A systematic analysis of the chromatin structure of the mouse SCL locus previously identified a number of DNaseI hypersensitive sites associated with enhancer or silencer activity (Göttgens et al. 1997). However, DNaseI hypersensitive site mapping has a limited resolution and the precise location or extent of each DNaseI hypersensitive site was not known. To compare the extent of accessible DNA in each case with the human/mouse alignment, a restriction endonuclease accessibility assay (Boyes and Felsenfeld 1996) was modified to pinpoint the location of sites sensitive to restriction endonuclease digestion within the DNA sequence.

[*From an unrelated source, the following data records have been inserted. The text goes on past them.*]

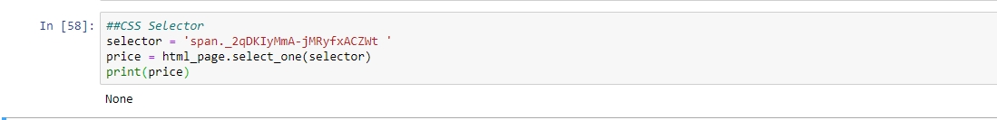 แต่ถ้าเราใส่ข้อมูลผิดจะแสดงผลว่า None จากภาพด้านบนผมจงใจจะลบ 6 ใน class ออก พอมันหา ‘span._2qDKIyMmA-jMRyfxACZWt’ ในเว็บแต่หาไม่เจอในเว็บเพราะข้อมูลที่เราใส่ผิด ได้ผลที่ออกมาเป็น None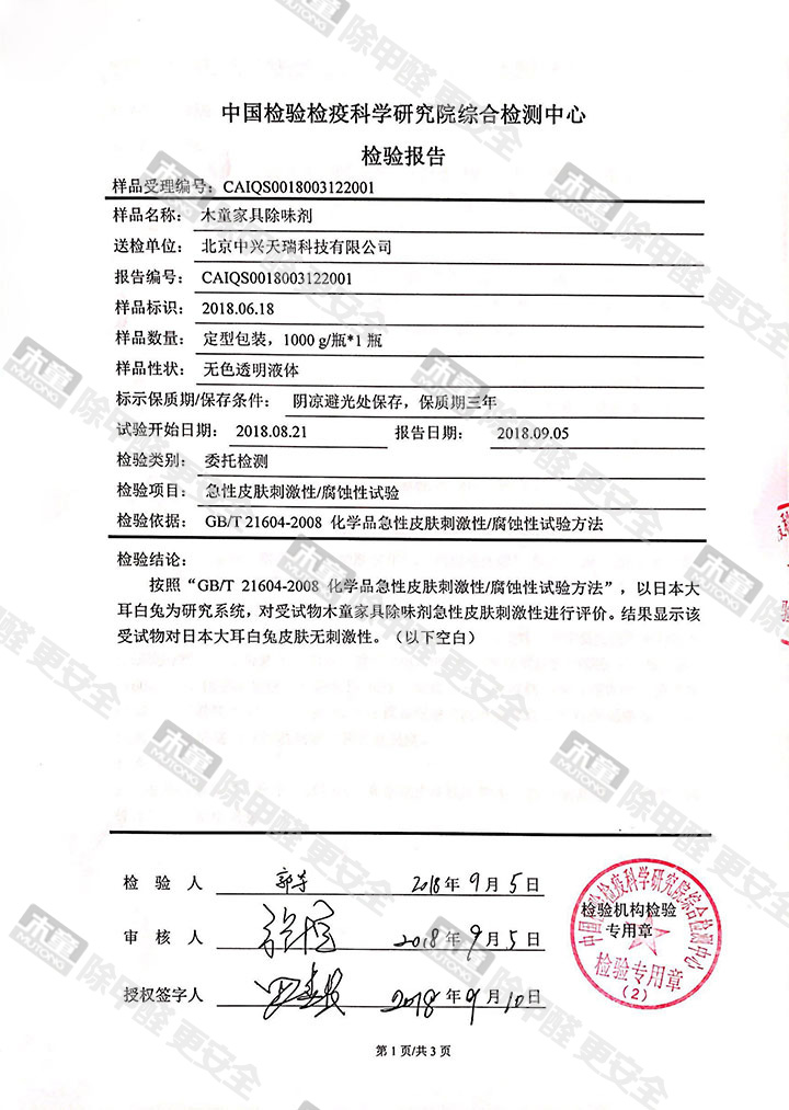 家具除味劑安全性檢測報告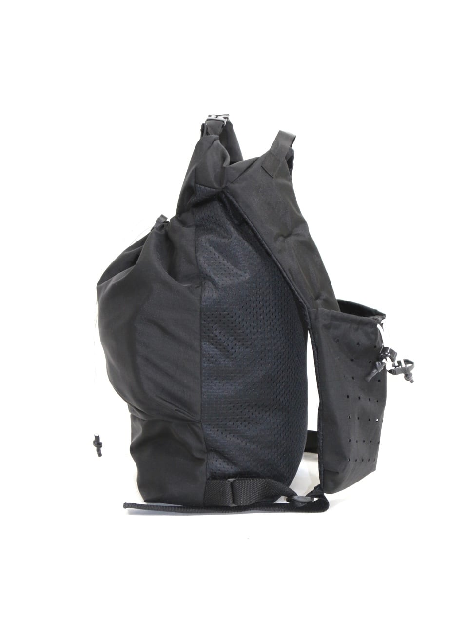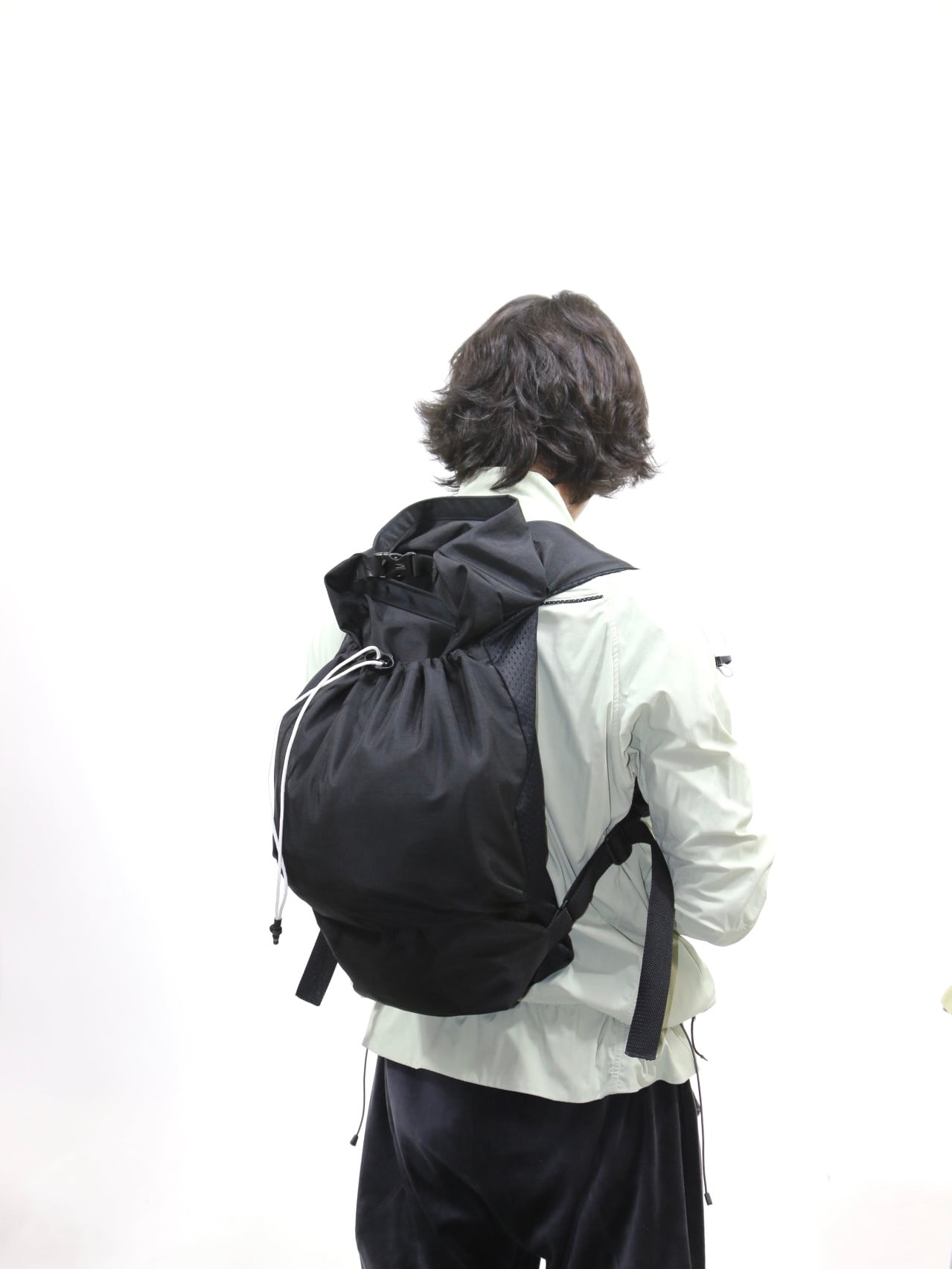 撥水ナイロン素材を使用した、ロールトップ仕様のデイパック。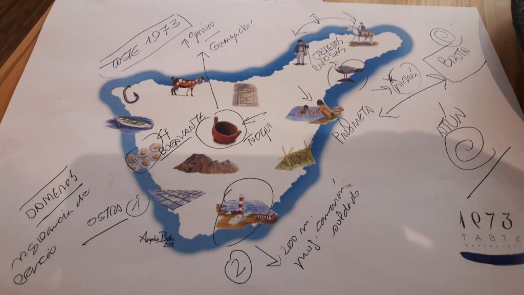 El comensal que acude al Taste 1973 va a contar con la guía de un mapa en el que la nomenclatura indica de qué y cómo parten esas elaboraciones que, por cierto, están basados en ‘ires y venires’ del cocinero y también de enriquecer con investigadores de la Universidad de La Laguna.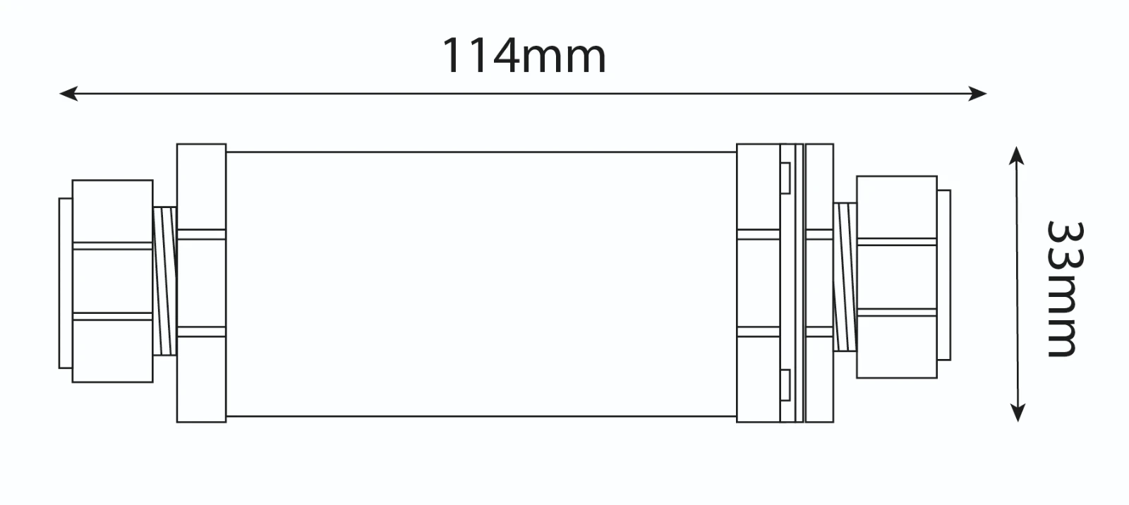 In-line connector with easy hand screw locking nuts and accessible connector tightening points. Complete with IP68 seals and gaskets. · · · 20A rating · · Selection of seals for cable entry · · Easy hand screw locking nuts · · IP68 weatherproof protection · · Robust nylon housing · · Impact resistant housing · · Easy release lid catch · · Multiple M20 threaded screw-outs · · Dimensions (H x W x D): 148 x 108 x 75.5mm

Restriction endonuclease accessibility studies were performed in two primitive myeloid cell lines (M1 and 416B) known to express the SCL gene (Fig. 4). Our results show that seven previously described DNaseI hypersensitive sites (promoter 1a, promoter 1b, +1, +3, Fig. 4; +7, −3, −4, data not shown; numbering represents the distance [kb] from the start of murine exon 1a) were associated with localized zones of increased endonuclease accessibility. All of these DNaseI hypersensitive sites have been shown to be associated with enhancer or silencer activity using transfection or transgenic reporter assays (Göttgens et al. 1997; Fordham et al. 1999; Sanchez et al. 1999; Sinclair et al. 1999). The use of multiple restriction endonucleases allowed the extent of the regions of endonuclease accessibility to be mapped in detail. In each case, these regions correlated precisely with a peak of homology in the human/mouse alignment (Fig. 4B), thus identifying these peaks as candidate regulatory regions.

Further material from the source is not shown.